====== Provided data

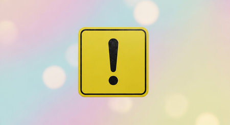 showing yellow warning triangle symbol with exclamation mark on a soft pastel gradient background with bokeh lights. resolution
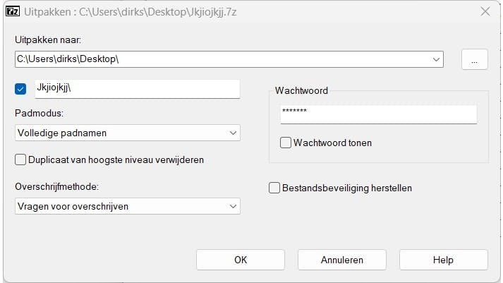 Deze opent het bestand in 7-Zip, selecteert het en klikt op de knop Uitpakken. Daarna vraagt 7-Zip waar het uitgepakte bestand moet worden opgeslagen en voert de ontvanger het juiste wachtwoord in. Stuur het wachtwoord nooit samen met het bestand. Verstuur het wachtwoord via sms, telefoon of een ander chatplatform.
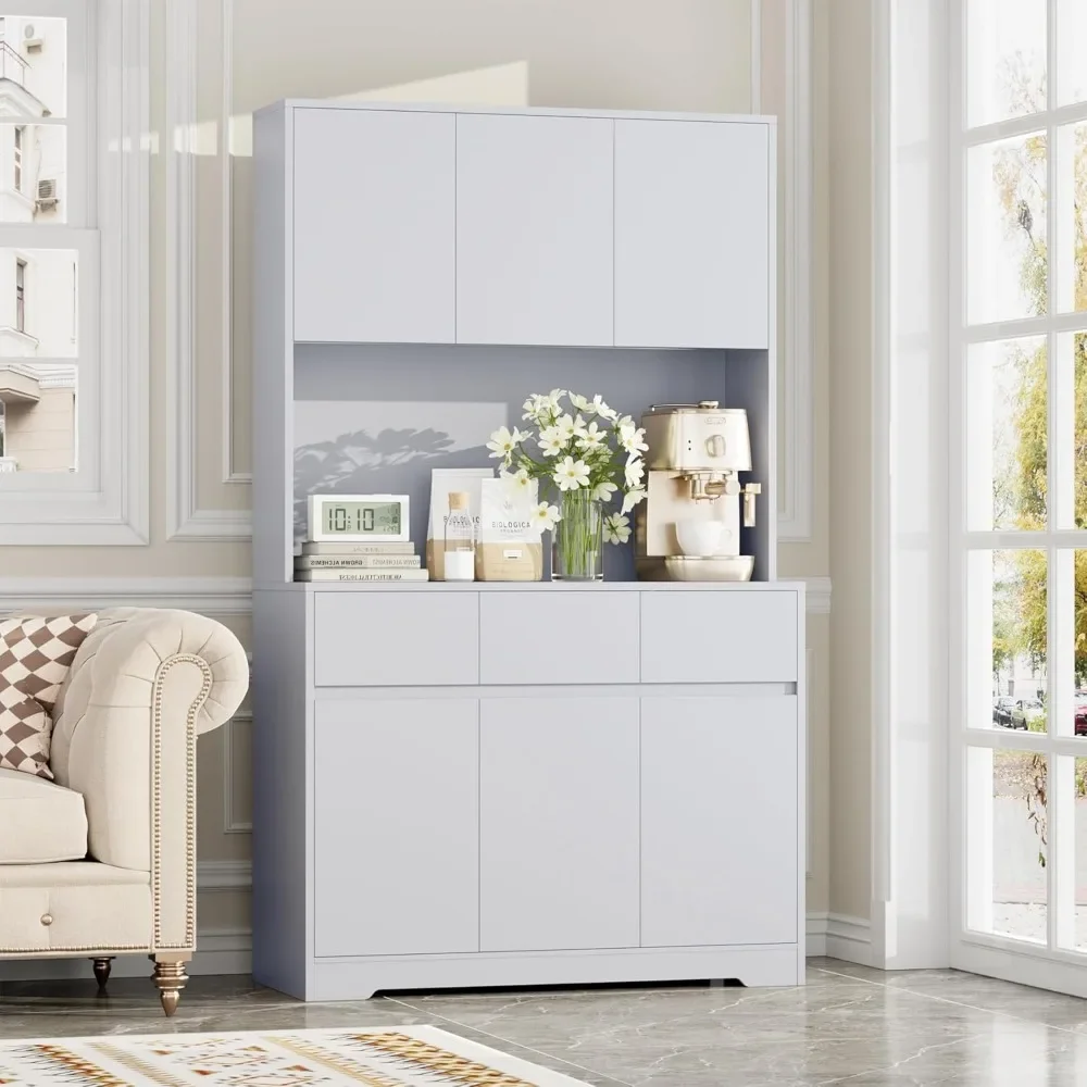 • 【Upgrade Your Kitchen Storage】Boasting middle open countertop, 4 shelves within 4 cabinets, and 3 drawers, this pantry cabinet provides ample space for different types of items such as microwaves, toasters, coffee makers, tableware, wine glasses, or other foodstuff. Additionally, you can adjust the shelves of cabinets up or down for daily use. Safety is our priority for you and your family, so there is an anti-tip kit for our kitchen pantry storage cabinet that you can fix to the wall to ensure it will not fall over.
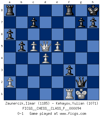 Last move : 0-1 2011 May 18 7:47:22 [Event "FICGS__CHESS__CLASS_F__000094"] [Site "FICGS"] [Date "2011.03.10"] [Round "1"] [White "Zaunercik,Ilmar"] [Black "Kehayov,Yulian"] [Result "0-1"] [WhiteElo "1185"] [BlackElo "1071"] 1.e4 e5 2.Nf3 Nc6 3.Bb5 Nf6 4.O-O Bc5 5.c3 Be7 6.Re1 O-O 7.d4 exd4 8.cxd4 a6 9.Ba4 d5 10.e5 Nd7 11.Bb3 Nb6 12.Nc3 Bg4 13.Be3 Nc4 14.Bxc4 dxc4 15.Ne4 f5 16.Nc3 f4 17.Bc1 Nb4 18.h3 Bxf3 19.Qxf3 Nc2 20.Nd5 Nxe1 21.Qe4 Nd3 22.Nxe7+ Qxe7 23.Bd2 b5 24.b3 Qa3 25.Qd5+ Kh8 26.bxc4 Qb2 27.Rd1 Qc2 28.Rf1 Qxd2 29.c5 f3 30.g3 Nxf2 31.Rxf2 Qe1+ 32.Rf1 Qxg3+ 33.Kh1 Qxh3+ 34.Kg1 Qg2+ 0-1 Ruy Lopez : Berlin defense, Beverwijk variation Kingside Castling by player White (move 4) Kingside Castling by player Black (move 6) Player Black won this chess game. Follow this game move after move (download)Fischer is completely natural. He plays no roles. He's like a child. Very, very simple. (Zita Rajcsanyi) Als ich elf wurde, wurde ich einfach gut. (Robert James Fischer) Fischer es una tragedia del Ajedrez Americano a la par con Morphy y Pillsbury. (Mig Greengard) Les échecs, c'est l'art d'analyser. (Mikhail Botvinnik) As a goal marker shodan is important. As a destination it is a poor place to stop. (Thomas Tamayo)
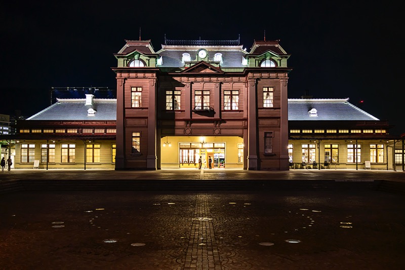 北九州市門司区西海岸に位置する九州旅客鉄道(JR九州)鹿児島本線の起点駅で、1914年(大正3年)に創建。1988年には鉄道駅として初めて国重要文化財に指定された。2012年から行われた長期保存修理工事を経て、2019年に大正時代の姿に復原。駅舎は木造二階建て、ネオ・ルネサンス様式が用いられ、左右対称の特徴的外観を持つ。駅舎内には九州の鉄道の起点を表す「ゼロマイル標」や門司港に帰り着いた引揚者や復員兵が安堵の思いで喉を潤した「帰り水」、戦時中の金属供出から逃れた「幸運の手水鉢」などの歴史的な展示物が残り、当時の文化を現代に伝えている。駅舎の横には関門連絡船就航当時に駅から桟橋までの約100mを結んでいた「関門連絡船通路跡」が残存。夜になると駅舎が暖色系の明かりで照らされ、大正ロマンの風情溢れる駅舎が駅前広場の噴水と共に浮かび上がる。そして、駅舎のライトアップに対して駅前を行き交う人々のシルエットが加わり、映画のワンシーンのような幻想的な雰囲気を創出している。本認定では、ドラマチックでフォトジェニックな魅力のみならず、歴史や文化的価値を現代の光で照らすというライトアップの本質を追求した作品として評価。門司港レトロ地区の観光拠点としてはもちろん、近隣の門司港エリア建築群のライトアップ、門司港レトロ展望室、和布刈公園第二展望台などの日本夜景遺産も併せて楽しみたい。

============

Activity:
In the copy, include each line from the start of the material through the line with "Deze opent het", word for word, but none of the pictures.

Finished task:
 showing yellow warning triangle symbol with exclamation mark on a soft pastel gradient background with bokeh lights. resolution
 Deze opent het bestand in 7-Zip, selecteert het en klikt op de knop Uitpakken. Daarna vraagt 7-Zip waar het uitgepakte bestand moet worden opgeslagen en voert de ontvanger het juiste wachtwoord in. Stuur het wachtwoord nooit samen met het bestand. Verstuur het wachtwoord via sms, telefoon of een ander chatplatform.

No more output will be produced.